Что касается милых, то cначала хочется отметить эстонцев. Первым со своей лекцией-перформансом “Будь пьяным, очень пьяным, совсем пьяным” выступал Андерс Хармс, известный у себя на родине провокатор. Конечно же, он требовал от зрителей признать абсурдность мира. Разумеется, ему было мало просто говорить о ней — периодически Хармс “разоблачал” сам речевой акт, то и дело ударяясь в веселую игру слов. Примечательно, что ставя зрителей нос к носу с истиной бытия, Андерс не предлагал им выдержать это противостояние.

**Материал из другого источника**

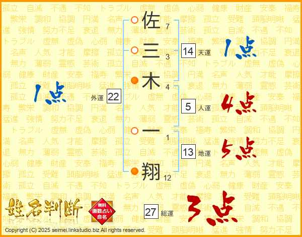 佐三木一翔さんの天運は14画の1点!

Наоборот, остроумно ввернув в свою лекцию пассаж о гедонизме, он посоветовал публике “ударить в грязь лицом” — довериться абсурду и предаться его радостям. “Идите в сауну, трахайтесь до одури, напивайтесь в зюзю!” — так Хармс закончил свое выступление, кстати, сам уже порядком пьяненький (за то время, что Андерс провел за кафедрой, он успел влить в себя изрядную дозу виски).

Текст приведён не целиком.